Count me in I'm already in my party frock    Cocktail sausages and vol au vents anyone?


----------



## AJLang (Jul 28, 2012)

Mmmmmh vol au vents They're my favourite party food


----------



## Mark T (Jul 28, 2012)

I've just visited Thorntons, so i've brought lis of pick and mix for everyone to share!


----------



## Pumper_Sue (Jul 28, 2012)

I do think you are mean not inviting Alan along after all he has a very nice frock


----------



## AJLang (Jul 28, 2012)

I've been expecting Alan to gate crash in his fairy outfit. Even though he has his Olympics it's nor the same without him at the party


----------



## AJLang (Jul 28, 2012)

Mark T said:


> I've just visited Thorntons, so i've brought lis of pick and mix for everyone to share!


Thank you


----------



## gail1 (Jul 28, 2012)

AJLang said:


> I've been expecting Alan to gate crash in his fairy outfit. Even though he has his Olympics it's nor the same without him at the party



will that include the Ahha bra the one hes been watching the advert for


----------



## AJLang (Jul 28, 2012)

That sounds like an excellent idea Gail.  Northener we can't wait for your arrival


----------



## Dizzydi (Jul 28, 2012)

Northy! Northy!....... Mmmm thorntons 

Still having hair done will pick up some jelly and ice cream on return 

Is the music ready?


----------



## AJLang (Jul 28, 2012)

The music is just about to start with I'm In The Mood For Dancing


----------



## Northerner (Jul 28, 2012)

Curfew at 10:30, I'll be watching my clock!


----------



## robofski (Jul 28, 2012)

I'm wearing my Tux!  Love getting all dressed up for a party!


----------



## Dizzydi (Jul 28, 2012)

Northerner said:


> Curfew at 10:30, I'll be watching my clock!

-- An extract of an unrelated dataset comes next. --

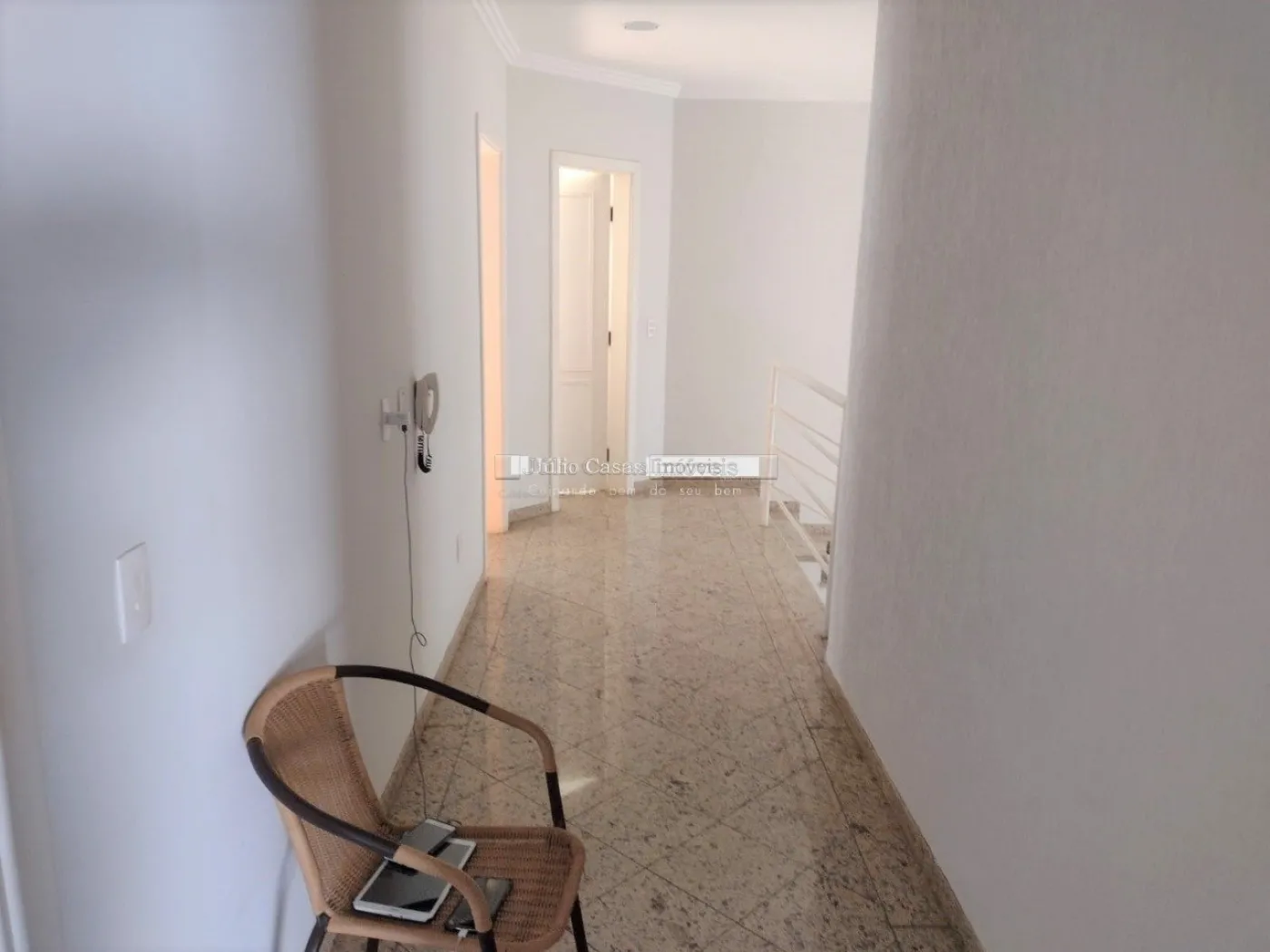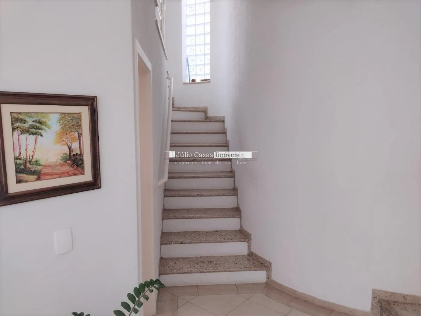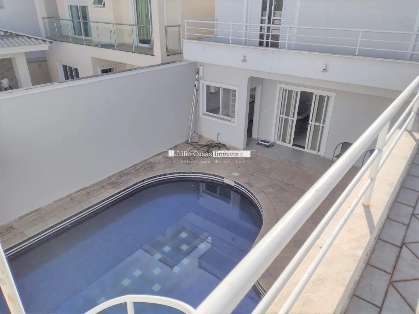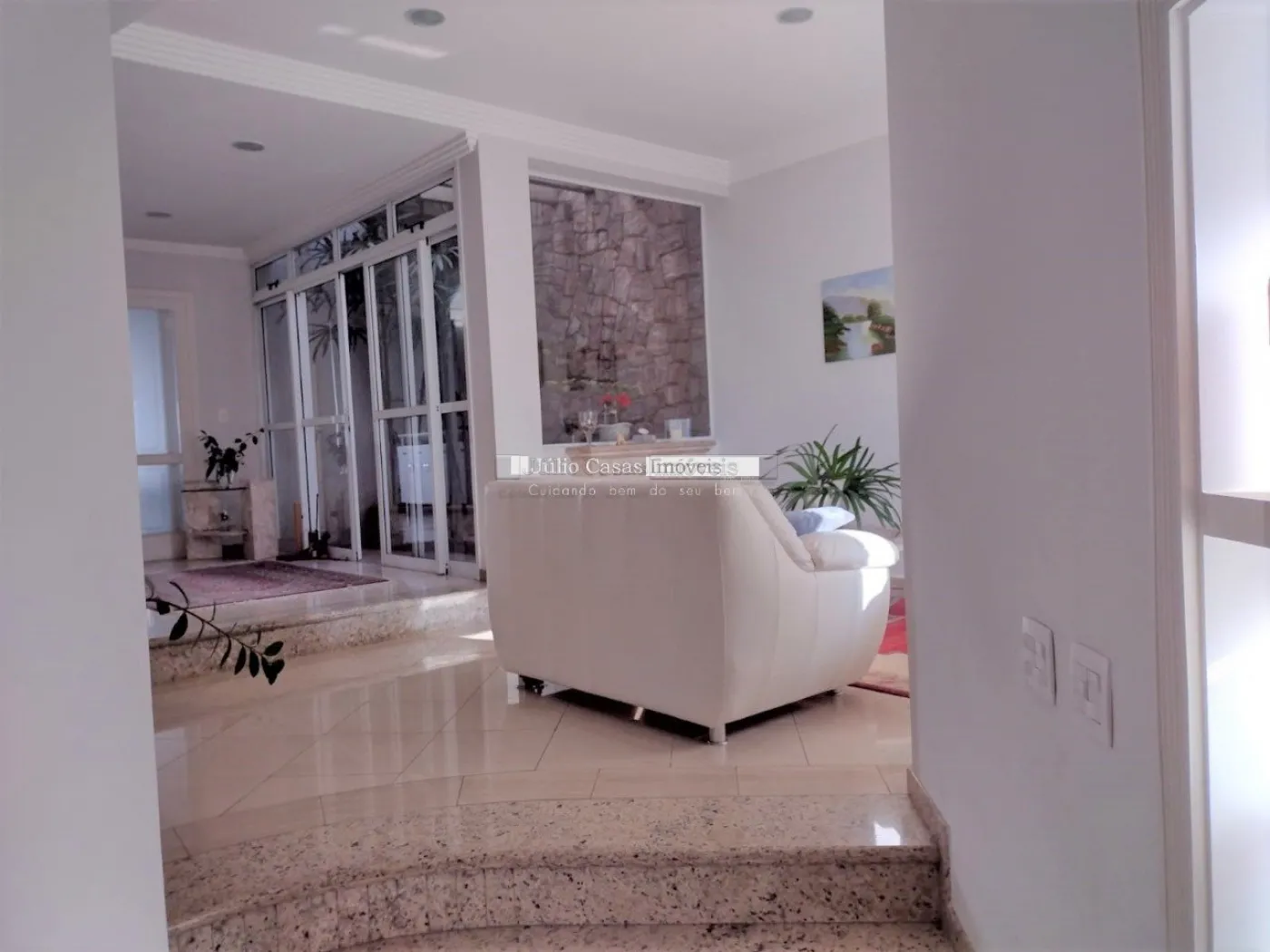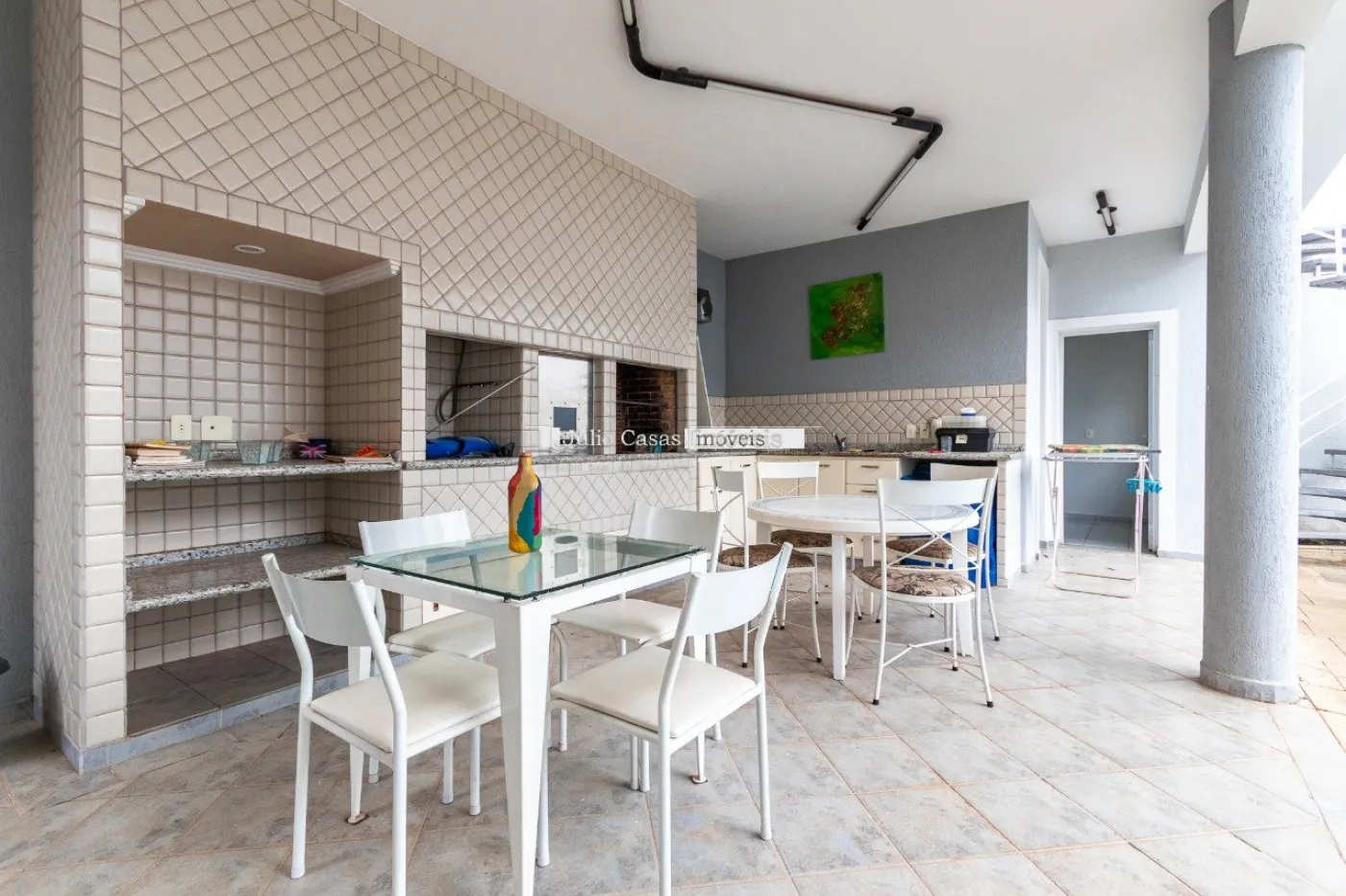 Cozinha com armários planejados despensa e lavanderia. Ampla área gourmet com churrasqueira, forno para pizza, balcão de apoio em `U` em pedra são gabriel, integrado a área com piscina circundado por um exuberante jardim e sauna à vapor. Além de uma sala de repouso podendo ser utilizada como sala de ginástica. E dependência de empregada com banheiro independente. No andar superior são quatro dormitórios sendo três suítes com banheiras de hidro massagem, todos com armários modulados e em três deles com sacadas. A suíte master conta ainda com um magnífico closet em `L` e ar condicionado. A casa conta com sistema de aquecimento solar para a piscina.

AW come on 10.30? Its not a school night who's up for the next dance?


----------



## Mark T (Jul 28, 2012)

Dizzydi said:


> AW come on 10.30? Its not a school night who's up for the next dance?


He didn't specify which time zone for 10:30, so I'm going to assume it's Pacific Standard Time


----------



## Dizzydi (Jul 28, 2012)

Mark T said:


> He didn't specify which time zone for 10:30, so I'm going to assume it's Pacific Standard Time



Are you dancing?


----------



## AJLang (Jul 28, 2012)

We're dancing.........and I'm sure Northener meant 10.30 in the morning


----------



## Mark T (Jul 28, 2012)

Dizzydi said:


> Are you dancing?


Badly of course


----------



## Dizzydi (Jul 28, 2012)

Mark T said:


> Badly of course



Is there any more voddy going 

Must admit I've got 2 left feet mark!


----------



## Mark T (Jul 28, 2012)

Dizzydi said:


> Is there any more voddy going
> 
> Must admit I've got 2 left feet mark!


Ooops I just poured the voddy into the fruit punch 

I'm thinking of raiding Ch?teaux Northener to see if he has any suitable bottles in his basement/dungeons.


----------



## AJLang (Jul 29, 2012)

That fruit punch was good.  To keep the party going I've brought along twelve bottles of champagne and sausage/vegetarian sausage sandwiches to mop up last night's alcohol. Enjoy


----------



## Pumper_Sue (Jul 29, 2012)

AJLang said:


> That fruit punch was good.  To keep the party going I've brought along twelve bottles of champagne and sausage/vegetarian sausage sandwiches to mop up last night's alcohol. Enjoy



I'm impressed that you are up so early Amanda  Or does it mean you haven't been to bed yet?


----------



## AJLang (Jul 29, 2012)

I've been partying all night Sue Best way to stop a hangover


----------



## Techknitter (Jul 29, 2012)

Will there be pizza? Extra cheese....


----------



## Mark T (Jul 29, 2012)

So who is up to form a conga line?


----------



## Casper (Jul 29, 2012)

Mark T said:


> So who is up to form a conga line?



Form an orderly line......steady......and off we go


----------



## Dizzydi (Jul 29, 2012)

Just about managed to lift my head out of the jelly! must have passed out after the conga...... any more pimms or voddy going........I'm in the mood for dancing again


----------



## KateR (Jul 29, 2012)

Casper said:


> Form an orderly line......steady......and off we go



I came I saw I conga-ed, I came I saw I conga-ed. Dah dah dah dah, dah dah dah dah...


----------



## Steff (Jul 29, 2012)

Count me innive brought some marshmallows and a bag of mini mars bar


----------



## AJLang (Jul 29, 2012)

Thanks Steff they sound yummy.  Are we still partying despite Northener's curfew??


----------



## Mark T (Jul 29, 2012)

AJLang said:


> Thanks Steff they sound yummy.  Are we still partying despite Northener's curfew??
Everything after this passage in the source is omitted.